*Your assignment*:
Would you reproduce the listing exactly, leaving nothing out?

*Provided entries*:

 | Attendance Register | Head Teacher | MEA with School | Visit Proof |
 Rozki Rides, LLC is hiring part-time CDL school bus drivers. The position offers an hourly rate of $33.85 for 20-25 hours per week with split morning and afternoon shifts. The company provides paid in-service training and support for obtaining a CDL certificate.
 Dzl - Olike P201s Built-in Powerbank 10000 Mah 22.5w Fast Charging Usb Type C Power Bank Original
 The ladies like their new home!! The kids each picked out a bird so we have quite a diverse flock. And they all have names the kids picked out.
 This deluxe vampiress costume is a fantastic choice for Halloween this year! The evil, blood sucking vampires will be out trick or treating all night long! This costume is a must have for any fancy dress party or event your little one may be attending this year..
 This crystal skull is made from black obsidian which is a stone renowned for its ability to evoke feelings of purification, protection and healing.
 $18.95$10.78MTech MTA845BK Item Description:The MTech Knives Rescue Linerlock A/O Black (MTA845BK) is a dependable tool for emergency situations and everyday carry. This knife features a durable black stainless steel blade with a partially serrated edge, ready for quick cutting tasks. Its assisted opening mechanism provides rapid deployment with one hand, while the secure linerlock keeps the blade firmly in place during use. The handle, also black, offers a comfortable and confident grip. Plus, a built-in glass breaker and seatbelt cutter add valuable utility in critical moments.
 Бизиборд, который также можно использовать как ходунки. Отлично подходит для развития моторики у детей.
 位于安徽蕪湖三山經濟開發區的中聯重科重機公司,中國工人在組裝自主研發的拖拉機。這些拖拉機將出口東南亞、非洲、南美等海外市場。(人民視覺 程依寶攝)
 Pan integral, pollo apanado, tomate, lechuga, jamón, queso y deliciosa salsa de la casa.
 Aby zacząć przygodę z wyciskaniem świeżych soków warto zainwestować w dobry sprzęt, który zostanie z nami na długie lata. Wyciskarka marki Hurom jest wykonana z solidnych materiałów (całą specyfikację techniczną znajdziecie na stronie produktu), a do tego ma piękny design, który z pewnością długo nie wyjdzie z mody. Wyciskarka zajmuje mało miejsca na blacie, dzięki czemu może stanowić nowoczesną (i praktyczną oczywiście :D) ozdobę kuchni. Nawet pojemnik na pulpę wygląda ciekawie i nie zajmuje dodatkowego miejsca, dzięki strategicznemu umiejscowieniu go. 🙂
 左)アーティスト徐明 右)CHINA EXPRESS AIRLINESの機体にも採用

*Written solution*:
 | Attendance Register | Head Teacher | MEA with School | Visit Proof |
 Rozki Rides, LLC is hiring part-time CDL school bus drivers. The position offers an hourly rate of $33.85 for 20-25 hours per week with split morning and afternoon shifts. The company provides paid in-service training and support for obtaining a CDL certificate.
 Dzl - Olike P201s Built-in Powerbank 10000 Mah 22.5w Fast Charging Usb Type C Power Bank Original
 The ladies like their new home!! The kids each picked out a bird so we have quite a diverse flock. And they all have names the kids picked out.
 This deluxe vampiress costume is a fantastic choice for Halloween this year! The evil, blood sucking vampires will be out trick or treating all night long! This costume is a must have for any fancy dress party or event your little one may be attending this year..
 This crystal skull is made from black obsidian which is a stone renowned for its ability to evoke feelings of purification, protection and healing.
 $18.95$10.78MTech MTA845BK Item Description:The MTech Knives Rescue Linerlock A/O Black (MTA845BK) is a dependable tool for emergency situations and everyday carry. This knife features a durable black stainless steel blade with a partially serrated edge, ready for quick cutting tasks. Its assisted opening mechanism provides rapid deployment with one hand, while the secure linerlock keeps the blade firmly in place during use. The handle, also black, offers a comfortable and confident grip. Plus, a built-in glass breaker and seatbelt cutter add valuable utility in critical moments.
 Бизиборд, который также можно использовать как ходунки. Отлично подходит для развития моторики у детей.
 位于安徽蕪湖三山經濟開發區的中聯重科重機公司,中國工人在組裝自主研發的拖拉機。這些拖拉機將出口東南亞、非洲、南美等海外市場。(人民視覺 程依寶攝)
 Pan integral, pollo apanado, tomate, lechuga, jamón, queso y deliciosa salsa de la casa.
 Aby zacząć przygodę z wyciskaniem świeżych soków warto zainwestować w dobry sprzęt, który zostanie z nami na długie lata. Wyciskarka marki Hurom jest wykonana z solidnych materiałów (całą specyfikację techniczną znajdziecie na stronie produktu), a do tego ma piękny design, który z pewnością długo nie wyjdzie z mody. Wyciskarka zajmuje mało miejsca na blacie, dzięki czemu może stanowić nowoczesną (i praktyczną oczywiście :D) ozdobę kuchni. Nawet pojemnik na pulpę wygląda ciekawie i nie zajmuje dodatkowego miejsca, dzięki strategicznemu umiejscowieniu go. 🙂
 左)アーティスト徐明 右)CHINA EXPRESS AIRLINESの機体にも採用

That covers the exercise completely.